Theresa May apparently means that the reduction in UK police numbers (due to cuts in government funding over the last several years) did not (and does not) lead to an increase in knife crime.

In my view, by saying there is "no direct correlation", she is actually saying that reduction in police numbers won't produce reduced knife crime, and that increases in police numbers won't produce increases in knife crime. But that is definitely not what she meant.

Her quoted statement has attracted lots of media attention, but taken literally should be unremarkable.

Or are there multiple (and opposite) meanings to "direct correlation"?
 
  • VicNicSor

    Banned
    Russian
    Just from the quote provided, "direct correlation" means the larger the number of police officers, the quicker knife crime is solved. I don't see any other way to interpret that (of course we could logically derive other correlations from this particular correlation, but that wouldn't be what she meant by "the two" which are police numbers and solving knife crime). She dismisses that correlation.
     
    Last edited:

    lingobingo

    Senior Member
    English - England
    My only criticism of that statement would be that the construction does not clearly indicate that one of the “the two” is police numbers, not “an increase in police numbers”. In other words, it’s not sufficiently clear that the allegedly non-existent direct correlation is between (a) police numbers and (b) knife crime.
     

    Linkway

    Senior Member
    British English
    Thanks, but the problem is that the Prime Minister meant an inverse (negative) correlation - an increase in police numbers would not produce a reduction in knife crime.

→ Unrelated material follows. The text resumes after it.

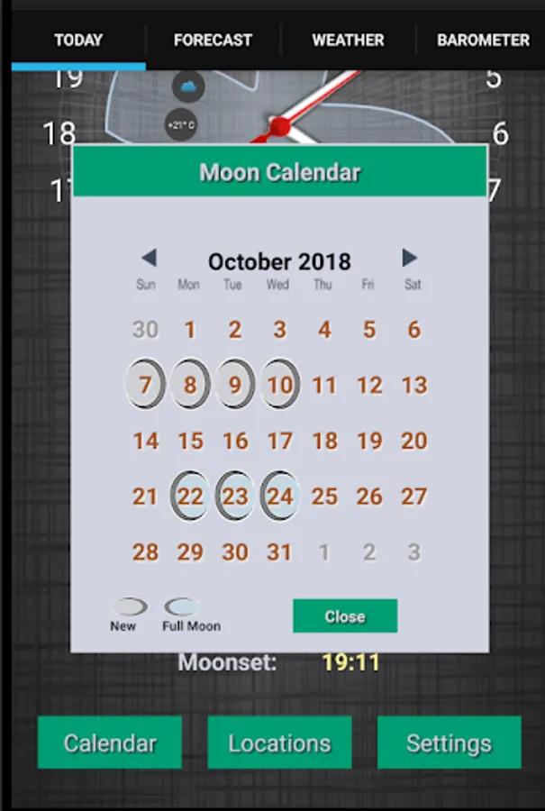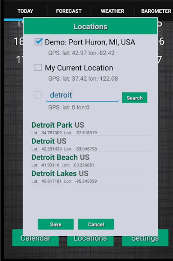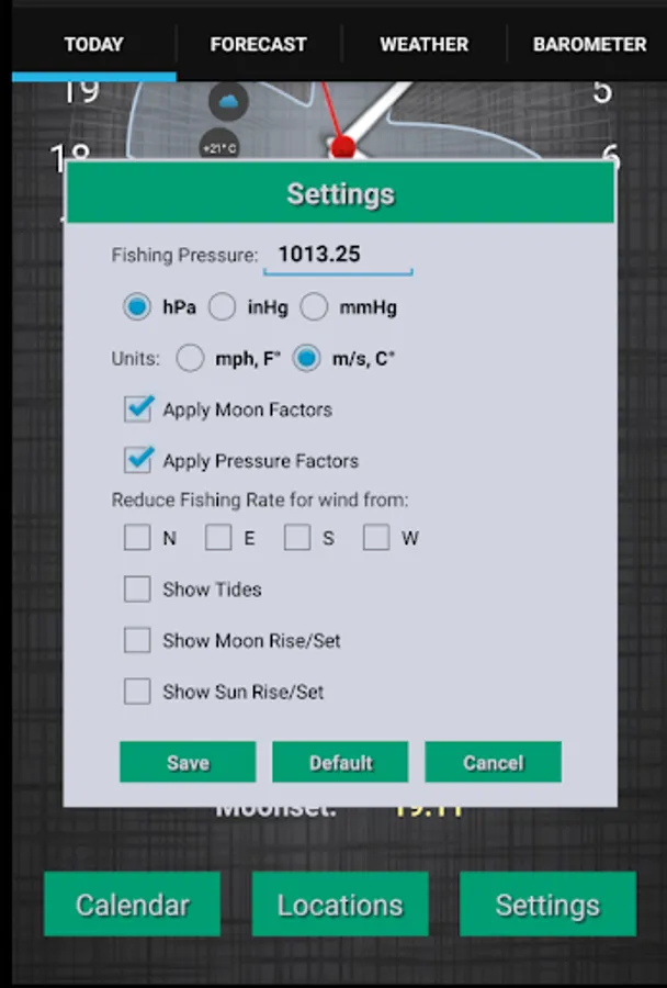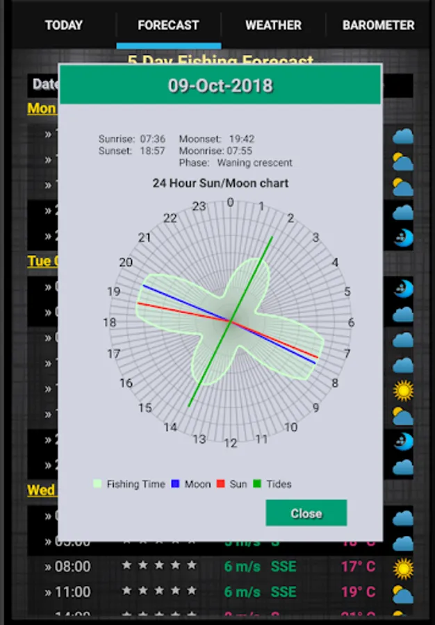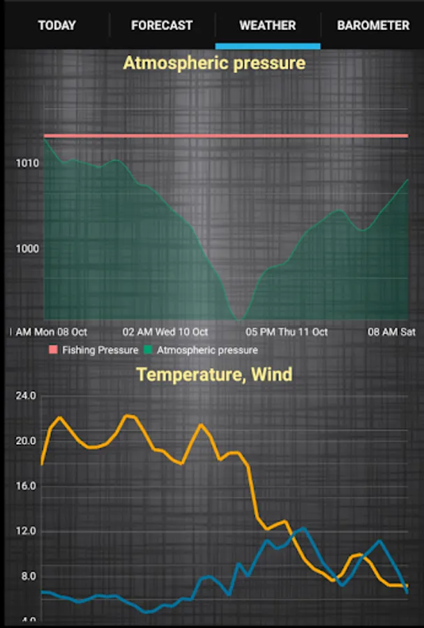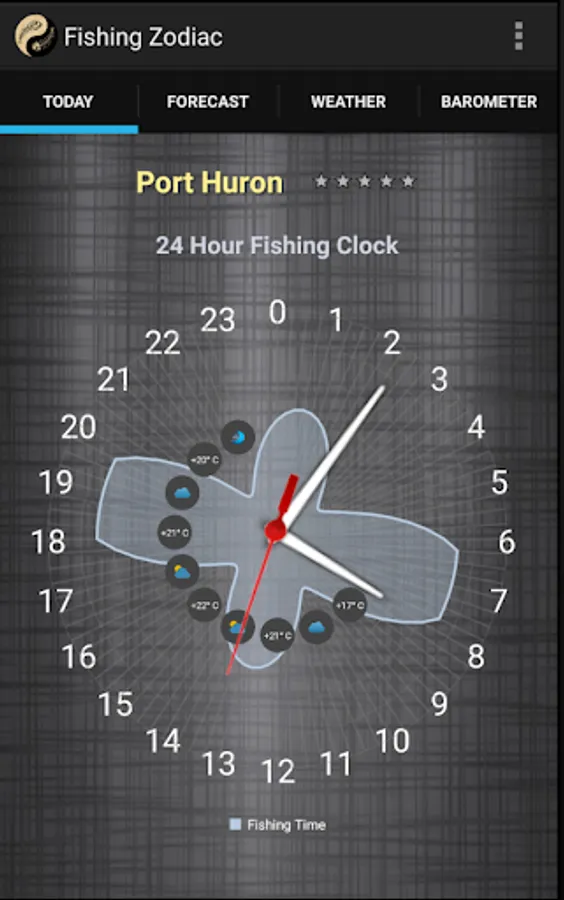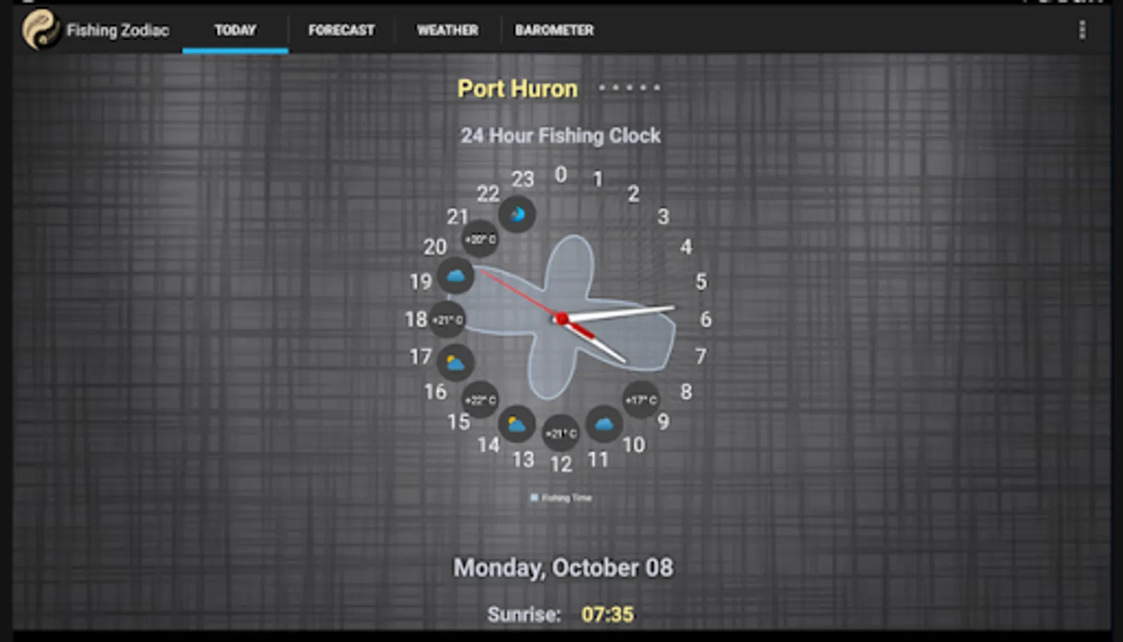 You will have a fishing forecast with the best time for fishing based on the sun/moon phases and the barometrical pressure.

    "Direct correlation" means, in statistical contexts, a positive correlation - the two variables rise together, or fall together.
     

    manfy

    Senior Member
    German - Austria
    Or are there multiple (and opposite) meanings to "direct correlation"?
    I see no real problem with that statement.
    A correlation is a relationship between two or more variables. That relationship might be directly proportional, inversly proportional, exponential, etc. etc.
    In normal everyday language, I understand 'direct correlation' as an obvious or immediate connection -- as opposed to a connection that works via several variables, e.g. increase in interest rates as a means of stimulating economy. There clearly is a connection between interest rates and economy, it's just not a direct one; it goes via consumer confidence, consumer spending, etc. etc. until it impacts the economy as a whole.

    Theresa May has dismissed claims that an increase in police numbers will help solve knife crime, insisting there is “no direct correlation” between the two.
    If I had to make fun of her, I'd start with her choice of 'will help solve knife crime' instead of 'will help prevent knife crime'.
    So, she's saying a bigger policeforce will not get more work done. o_O Why not??
    (Well, actually it's the journalists who chose to make it sound that way. Fair enough.)
     

    Uncle Jack

    Senior Member
    British English
    Thanks, but the problem is that the Prime Minister meant an inverse (negative) correlation - an increase in police numbers would not produce a reduction in knife crime.

    "Direct correlation" means, in statistical contexts, a positive correlation - the two variables rise together, or fall together.
    I would not trust either politicians or journalists to use mathematical and statistical terms accurately, but here the two things are "increase in police numbers" and "solve knife crime". If there is a correlation, you would expect it to be a positive one.